(Required work): Pictures stay out. Extract the lines below from the first one through the line with "意外と結構古い金型を使ってる?実はレア物も!知られざるプラレールE233系のバリエーションに迫る! 前の画像 次の画像", both included.

(Raw data):
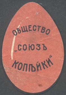 1915 1915(?) г. Виньетка в форме яйца разм. 37 х 54 мм. Двухцветная печать на белой бумаге. Пасхальное яйцо с текстом в три строки: «Общество «Союз Копейки»».
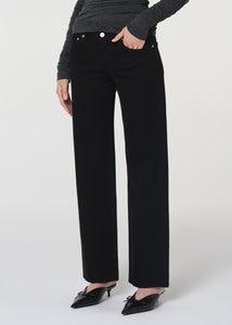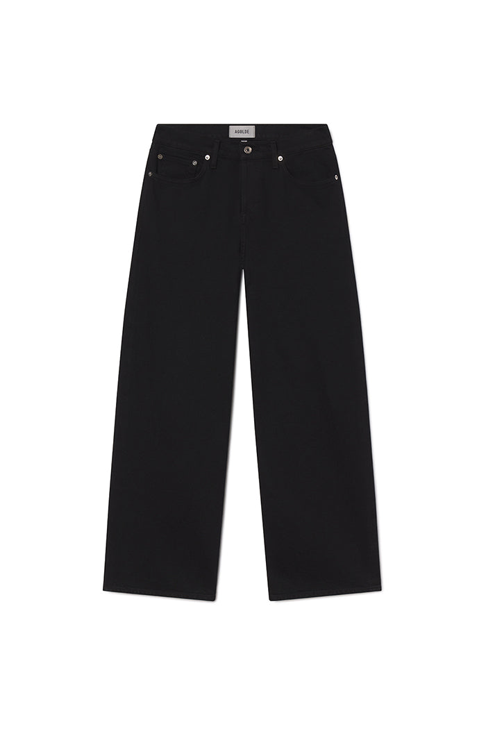 Agolde low rise loose jean in black cover wash. Low-slung silhouette with a full-length leg and easy drape.
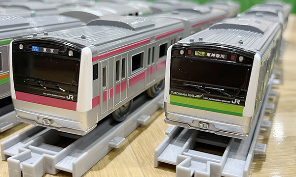 nayu06 京葉線と横浜線の並び。運用線区ごとに異なる「各駅停車」の表示をしっかり再現しているのが素晴らしい。 【この画像の記事に戻る】 意外と結構古い金型を使ってる?実はレア物も!知られざるプラレールE233系のバリエーションに迫る! 前の画像 次の画像
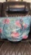Elegant tote with tropical leaf and floral design. Features vibrant blue and pink hues. Ideal for stylish outings.

(Task answer):
 1915 1915(?) г. Виньетка в форме яйца разм. 37 х 54 мм. Двухцветная печать на белой бумаге. Пасхальное яйцо с текстом в три строки: «Общество «Союз Копейки»».
 Agolde low rise loose jean in black cover wash. Low-slung silhouette with a full-length leg and easy drape.
 nayu06 京葉線と横浜線の並び。運用線区ごとに異なる「各駅停車」の表示をしっかり再現しているのが素晴らしい。 【この画像の記事に戻る】 意外と結構古い金型を使ってる?実はレア物も!知られざるプラレールE233系のバリエーションに迫る! 前の画像 次の画像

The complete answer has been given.